Pier Paolo Pasolini: dal Neorealismo al grottesco
Accattone (1961)
La prima prova registica di Pasolini può considerarsi una trasposizione dei suoi precedenti lavori letterari. L’accattone del titolo è infatti Vittorio Cataldi (Franco Citti), un uomo che, per tirare avanti, vive di tutti gli espedienti possibili e si fa mantenere da una prostituta.
Sullo sfondo delle periferie capitoline si articolano le vicende di Vittorio, vittima di un sottoproletariato che costringe all’immobilità e all’impossibilità di cambiare la propria condizione di vita, se non con la morte.
Mamma Roma (1962)
Questo film si differenzia dal precedente per la figura di Mamma Roma (Anna Magnani), che non è trasposta da alcun romanzo pasoliniano. L’opera cinematografica risulta perciò essere più complessa e ricca, ma non si distanzia dal destino comune dei personaggi tipici di PPP. Mamma Roma, infatti, tenta di cambiare la propria condizione sociale e quella del figlio, ma i tentativi, oltre che vani, finiranno in tragedia.
Medea (1969)
Nelle vesti della madre e moglie tradita che per vendetta uccide i propri figli troviamo Maria Callas, splendida esponente della lirica italiana e perciò perfetta nelle vesti di un personaggio epico-tragico.
Con questa opera Pasolini si allontana dai sentieri del Neorealismo per affacciarsi sulle sponde della Grecia classica, immergendosi nei poemi epici e nelle tragedie più famosi (precedente a Medea c’è infatti Edipo re, girato nel 1967).
Il Decameron (1971)
Questo film è ovviamente ispirato al Decameron di Giovanni Boccaccio, e, assieme ai successivi I racconti di Canterbury (1972) e Il fiore delle Mille e una notte (1974), compone la Trilogia della vita.

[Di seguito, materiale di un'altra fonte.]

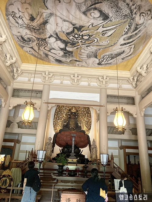 산문을 통해 엔가구지의 본존을 모시고 있는 불전으로 들어가면, 관을 쓰고 앉은 보관석가여래상을 가운데로 천정에는 백룡이 웅장하게 그려져 있으며, 오른쪽에는 붓글씨로 불심(佛心)이라고 크게 쓰여 있는 병풍이 놓여 있어 절만의 특유의 정적을 느낄 수 있습니다. 이 본당은 원각사에서 아침마다 좌선이 열리는 곳이라고 하는군요.

Con quest’opera, inoltre, Pasolini si discosta dal precedente filone epico e inaugura quello che verrà successivamente definito decamerotico. Ai temi e alle trame della letteratura italiana, infatti, viene aggiunta una preponderante dose di erotismo.
Salò o le 120 giornate di Sodoma (1975)
Il film è l’ultimo realizzato da Pasolini, e avrebbe dovuto essere il primo lungometraggio di un nuovo ciclo di opere, la Trilogia della morte, la cui realizzazione fu interrotta dalla morte dell’artista.
Il film è una fortissima critica allegorica al regime fascista (appartenente al filone Nazisploitation, o nazi-erotico), e incrocia il romanzo di De Sade Le 120 giornate di Sodoma all’Inferno dantesco. Per le fortissime scene di violenza, tortura e i vari nudi presenti, l’opera è ancora oggi oggetto di critiche e censure.